>>>

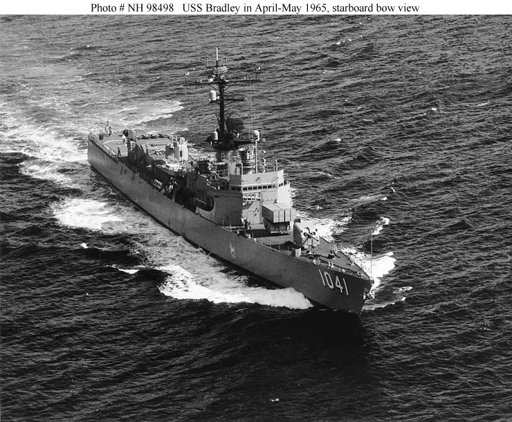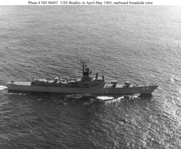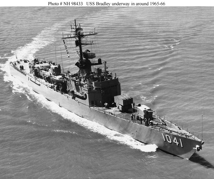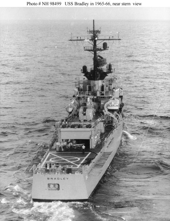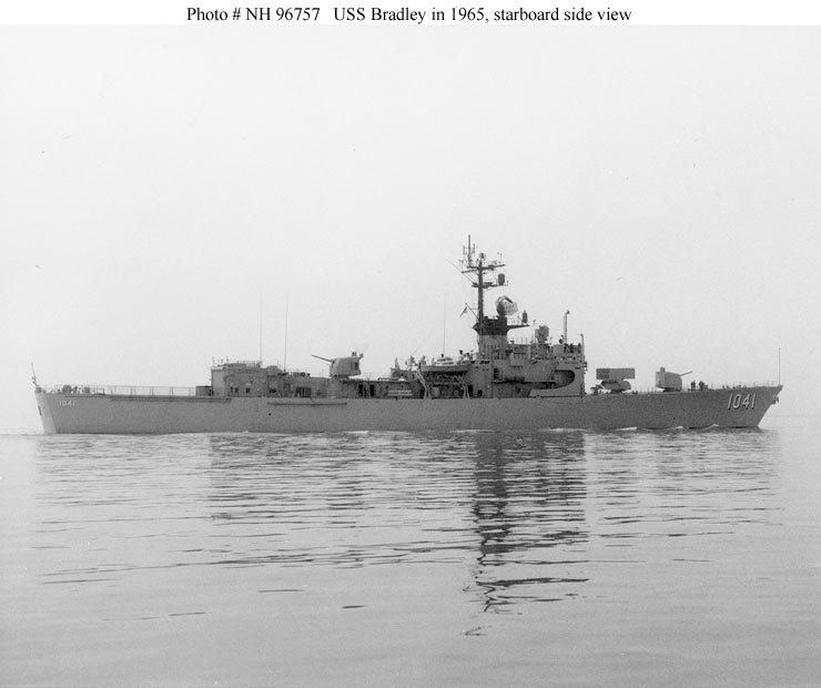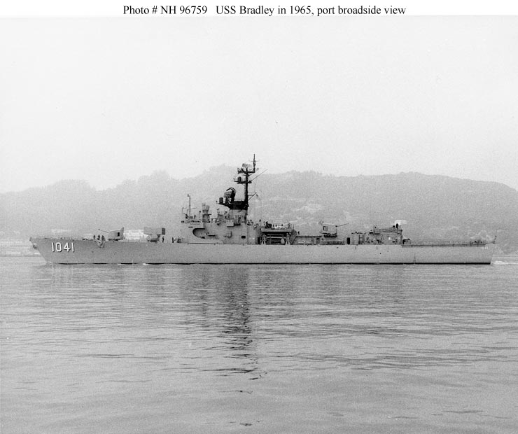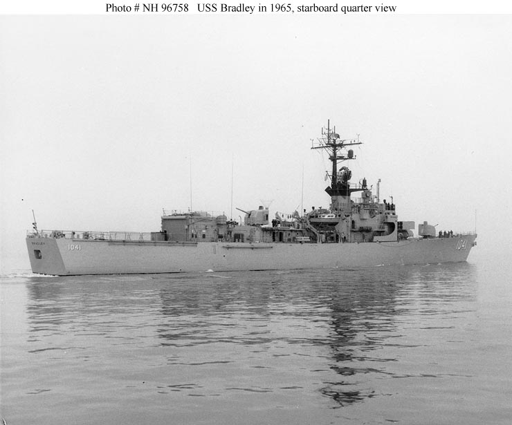USS Bradley, the second of ten 2,620-ton Garcia class escort ships, was built at San Francisco, California, and commissioned in May 1965. Her first deployment to the Westen Pacific between July and December 1966 included four months of gunfire support along the coast of South Vietnam and carrier escort duty in the Gulf of Tonkin. In February 1967 Bradley received the prototype destroyer installation of the Sea Sparrow Basic Point Defense Missile System (BPDMS). After intensive trials between May and September, the system was removed in September.
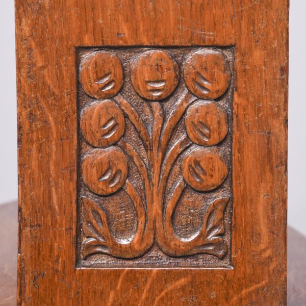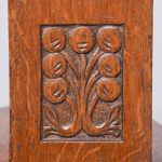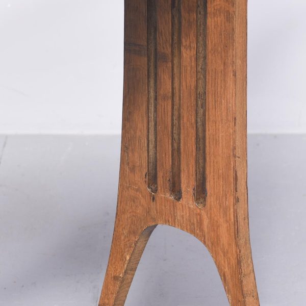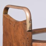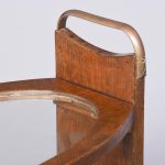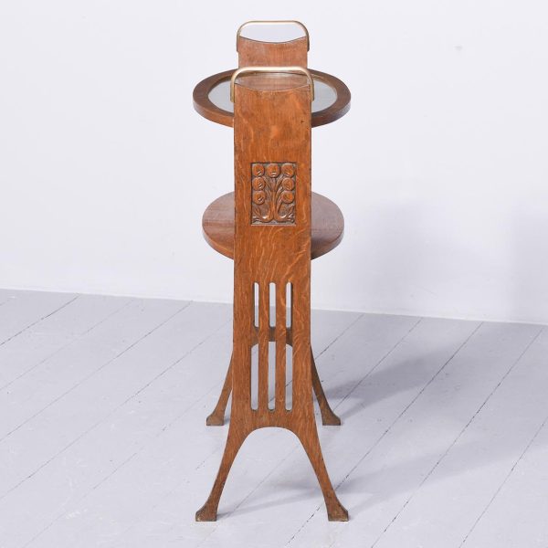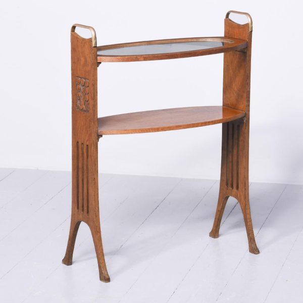 Circa 1900. An interesting Art Nouveau oak, glass, and brass oval two tier occasional table, surmounted by a pair of cast brass lifting handles, the top tier with a glass insert, the lower tier in solid oak. The table is supported on two solid and pierced ends, top section with foliate carving with piercing towards the base, resting on four splayed legs.
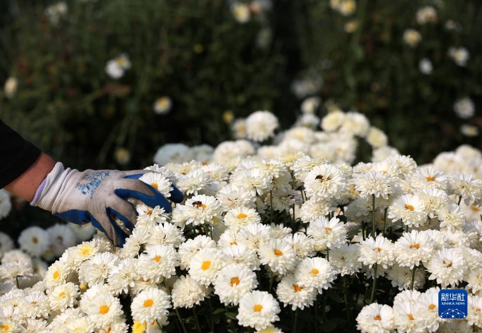 10月8日,在邢臺市任澤區大屯鄉的一處菊花種植基地,村民收獲菊花。
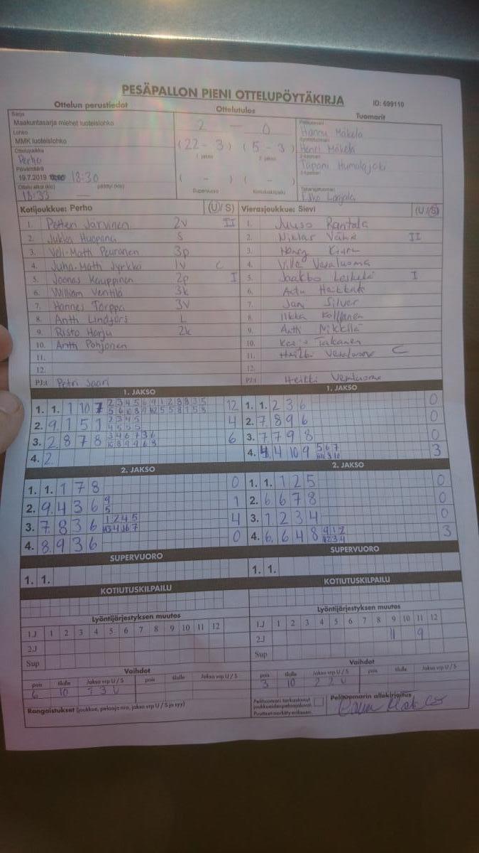 | 699110 | 19.7.2019 | Perho | Sievi | 2-0 (22-3, 5-3) | näytä |
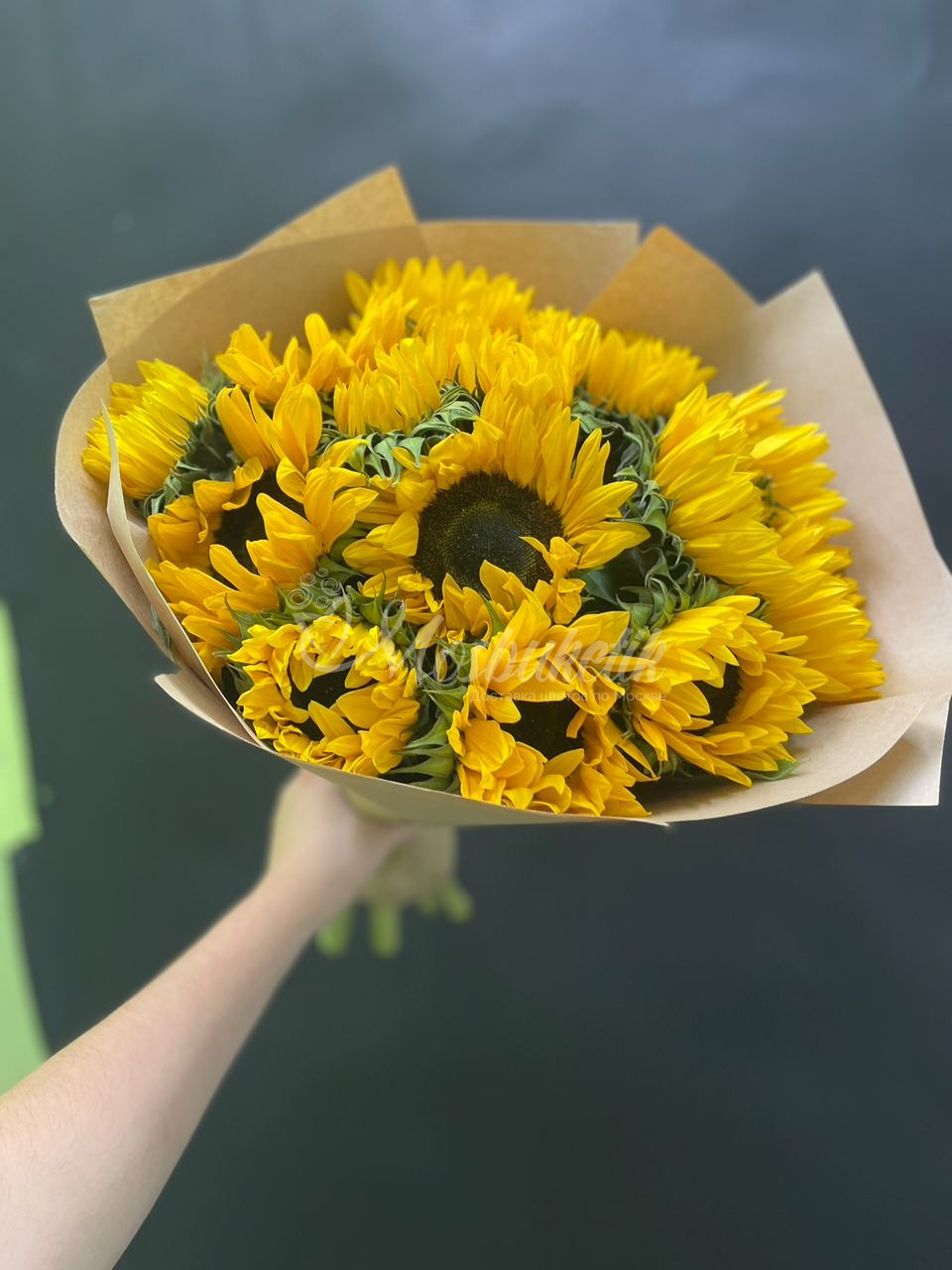 Наши цветы всегда свежие и красивые, а благодаря внимательному уходу наших флористов, букет из 19 подсолнухов будет радовать вас долгое время. Подсолнухи — символ радости и счастья, поэтому этот букет станет отличным подарком для любого случая.

<<<

Copy every line of the data exactly as written, excluding the pictures.

USS Bradley, the second of ten 2,620-ton Garcia class escort ships, was built at San Francisco, California, and commissioned in May 1965. Her first deployment to the Westen Pacific between July and December 1966 included four months of gunfire support along the coast of South Vietnam and carrier escort duty in the Gulf of Tonkin. In February 1967 Bradley received the prototype destroyer installation of the Sea Sparrow Basic Point Defense Missile System (BPDMS). After intensive trials between May and September, the system was removed in September.
 Circa 1900. An interesting Art Nouveau oak, glass, and brass oval two tier occasional table, surmounted by a pair of cast brass lifting handles, the top tier with a glass insert, the lower tier in solid oak. The table is supported on two solid and pierced ends, top section with foliate carving with piercing towards the base, resting on four splayed legs.
 10月8日,在邢臺市任澤區大屯鄉的一處菊花種植基地,村民收獲菊花。
 | 699110 | 19.7.2019 | Perho | Sievi | 2-0 (22-3, 5-3) | näytä |
 Наши цветы всегда свежие и красивые, а благодаря внимательному уходу наших флористов, букет из 19 подсолнухов будет радовать вас долгое время. Подсолнухи — символ радости и счастья, поэтому этот букет станет отличным подарком для любого случая.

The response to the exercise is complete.